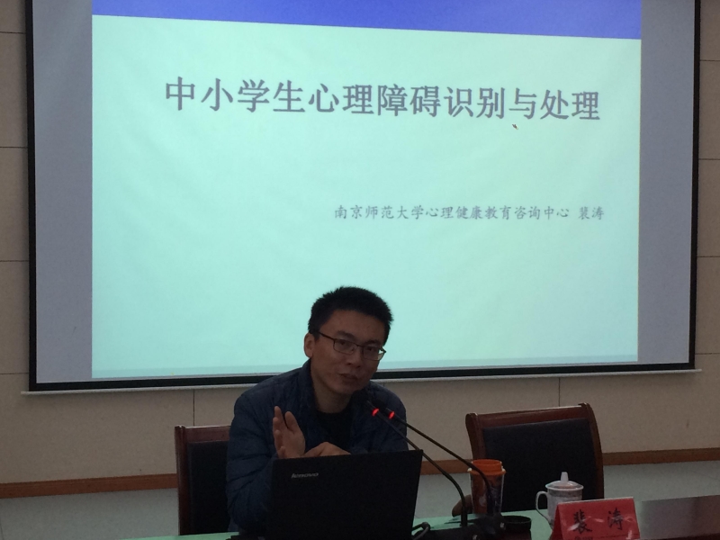 儒雅、潇洒的裴涛老师教授大家如何识别各种心理障碍,在互动中让学员掌握了很多处理方法,不仅对专业教师,对非专业教师尤其是班主任也具有很强的实践操作意义,可以在学校层面及时发现心理问题严重的学生并进行心理干预,预防校园危机的发生。
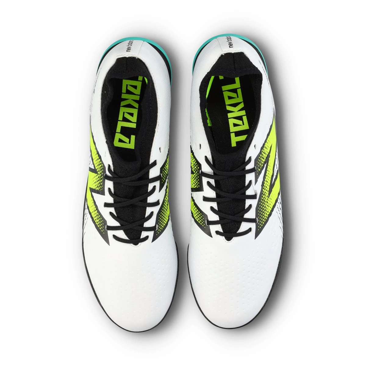 Chaussure New Balance Tekela Magique Turf V4+. Chaussure pour terrains en gazon artificiel. Tekela en White-Gold Met.-White.
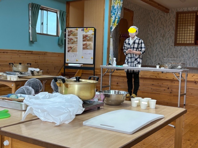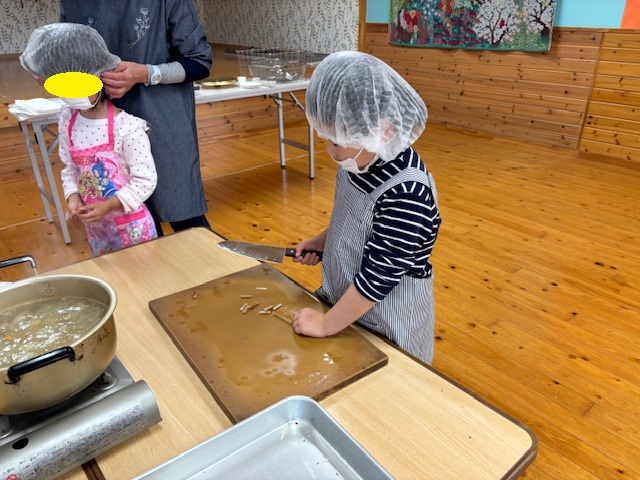 今日の給食 〈メニュー〉麦ごはん豚汁高野豆腐の玉子とじ果物今日は、にじ組・ほし組と一緒に豚汁クッキングでした。24日が「和食の日」ということで、煮干しと昆布から出汁をとるところからしましたよ。みんなが頑張って切った野菜がたっぷり入った豚汁はとっても美味しかったです。また、クッキングしましょうね!
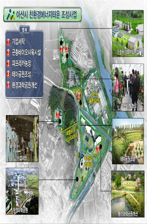 아산 친환경에너지타운은 생활폐기물 소각장의 폐열, 가축분뇨시설의 바이오가스 발전 폐열을 세탁공장, 곤충사육농장, 고소득 작물 재배 온실에 공급할 예정이다.

....

ASSIGNED TASK
From the first line to the last, retype the data exactly, but omit every image.

EXPECTED OUTPUT
 儒雅、潇洒的裴涛老师教授大家如何识别各种心理障碍,在互动中让学员掌握了很多处理方法,不仅对专业教师,对非专业教师尤其是班主任也具有很强的实践操作意义,可以在学校层面及时发现心理问题严重的学生并进行心理干预,预防校园危机的发生。
 Chaussure New Balance Tekela Magique Turf V4+. Chaussure pour terrains en gazon artificiel. Tekela en White-Gold Met.-White.
 今日の給食 〈メニュー〉麦ごはん豚汁高野豆腐の玉子とじ果物今日は、にじ組・ほし組と一緒に豚汁クッキングでした。24日が「和食の日」ということで、煮干しと昆布から出汁をとるところからしましたよ。みんなが頑張って切った野菜がたっぷり入った豚汁はとっても美味しかったです。また、クッキングしましょうね!
 아산 친환경에너지타운은 생활폐기물 소각장의 폐열, 가축분뇨시설의 바이오가스 발전 폐열을 세탁공장, 곤충사육농장, 고소득 작물 재배 온실에 공급할 예정이다.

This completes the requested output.